Lors de mon dernier séjour à La Havane, je visitais nombre de musées parmi lesquels la Casa de Africa sur Obrapia, dans le centre historique.
Alors que je prenais quelques photos, je me fis rappeler à l'ordre par une garde, qui m'indiqua qu'il était interdit de prendre des clichés à l'intérieur du musée. Bon garçon, je rangeai mon appareil sans rouspéter.
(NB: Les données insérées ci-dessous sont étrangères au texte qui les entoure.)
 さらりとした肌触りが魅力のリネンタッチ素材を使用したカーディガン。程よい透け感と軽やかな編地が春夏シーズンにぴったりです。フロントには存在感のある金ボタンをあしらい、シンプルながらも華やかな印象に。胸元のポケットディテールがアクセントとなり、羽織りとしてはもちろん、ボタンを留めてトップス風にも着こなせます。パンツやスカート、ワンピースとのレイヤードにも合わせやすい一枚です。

A ce moment, la garde se rapprocha de moi. S'excusant de la froideur avec laquelle elle m'avait formulé l'interdiction de photographier, elle commença à m'entretenir sur les règles du jeu en vigueur dans le musée. Je prêtai poliment attention à ses propos. Elle m'expliqua que d'habitude, elle officiait au rez-de-chaussée où elle se faisait fort d'expliquer aux visiteurs qu'ils devaient respecter les oeuvres exposées dans le musée et que c'était à ce titre que la prise de clichés était prohibée. Naturellement, maintenant qu'on l'avait affectée au 1er étage, on ne pouvait pas demander aux jeunes filles en charge de l'accueil des visiteurs en bas de se montrer aussi rigoureuses dans l'exposé des droits & devoirs qu'elle-même. "Les jeunes, vous savez comment ils sont aujourd'hui", ajouta-t-elle d'un air entendu. Toujours poli, surtout quand on me balance des poncifs irritants, je lui sers mon sourire le plus hypocrite, agrémenté d'un "Ne m'en parlez pas" de connivence.
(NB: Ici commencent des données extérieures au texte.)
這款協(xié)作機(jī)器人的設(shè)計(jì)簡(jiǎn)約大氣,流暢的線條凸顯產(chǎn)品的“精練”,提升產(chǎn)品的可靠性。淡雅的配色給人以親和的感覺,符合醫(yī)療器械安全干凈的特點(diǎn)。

C'est là que la conversation fourche. Baissant un peu la voix, mon cerbère me prononce alors une phrase on ne peut plus ambiguë :
- Vous savez, l'interdiction de photographier ne s'applique que dans l'enceinte du musée accessible aux visiteurs
Je reste interdit. Sans jeu de mot. Se retournant de trois quarts, elle m'indique du doigt une porte au fond de la salle et précise :
- Vous voyez cette porte ?
- Oui, répondis-je.
- Elle donne accès à une partie réservée du musée, partie à laquelle les visiteurs n'ont pas accès...
- ...
- Si j'ouvre cette porte et que vous accédez à la salle qui se cache derrière, vous quittez le musée...
- ...
- Et comme vous n'êtes plus dans le musée, je ne peux plus vous interdire de faire des photographies puisque le territoire sur lequel j'exerce mon rôle de surveillance est limité aux seules salles visitables du musée. Vous me comprenez ?
Comme cela faisait déjà deux semaines que je trainais mes guêtres (mes tongs, eût-été plus approprié en la circonstance), j'avais eu le temps d'apprécier la rouerie des Cubains pour améliorer leur quotidien. Autant dire que je comprenais parfaitement ce que voulait me dire notre garde. En langage clair, cela donnait quelque chose comme : "Si tu veux prendre des photos tranquille, je peux te faciliter l'accès à un espace particulier où tu pourras t'en donner à coeur joie. Comme, stricto sensu, cet espace n'est pas dans le musée, la règle d'interdiction de prendre des photos ne s'y applique pas. Mais comme c'est moi qui t'ai arrangé ce coup, je saurai apprécier une indemnisation monétaire."
J'acceptai l'offre.
Tout sourire, notre belle gardienne nous ouvrit la porte donnant accès aux salles dérobées du musée. Quel ne fut pas alors notre surprise de découvrir des oeuvres d'un intérêt sans commune mesure avec celui de ce que nous avions vu jusque là.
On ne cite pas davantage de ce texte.